After a two-day meeting, the Fed cut its benchmark interest rate by half a percentage point. While the Fed’s target, at 4.75% to 5%, remains near 15-year highs, the move could spur investment in biotech companies, which are typically seen as the kind of risky bet investors tend to disfavor when interest rates are elevated.
The decision largely matched Wall Street expectations. Major stock indices, which spiked briefly on the news Wednesday afternoon before trading back, rose by more than 1% Thursday. Two exchange-traded funds known as the XBI and IBB that track biotech industry indices followed a similar pattern.
The cut “will be very positive for the biotech capital markets,” said John Maraganore, the former CEO of Alnylam Pharmaceuticals who is currently an advisor to drug startups. “I expect to see a meaningful strengthening of the biotech tape as interest rates decline.”

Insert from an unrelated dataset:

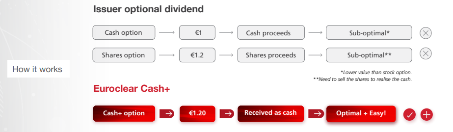 𝗘𝘂𝗿𝗼𝗰𝗹𝗲𝗮𝗿 𝗖𝗮𝘀𝗵+® launched in March 2025 in a partnership between Scorpeo and Euroclear to provide a simple, automated solution through market infrastructure to capture the lost value for investors. Euroclear Cash+ provides investment managers with a 3rd option on scrip dividends to allow them to maximise the value available within optional dividend elections.

Investors and executives interviewed by BioPharma Dive cautioned the Fed’s decision won’t solve all that ails the sector, however. Other macroeconomic potholes, like the U.S. presidential election, still lay ahead. And within the industry, other factors could remain brakes on any stock bounce. Dealmaking involving public companies, which spiked last year and rekindled interest in biotech, has cooled, for instance.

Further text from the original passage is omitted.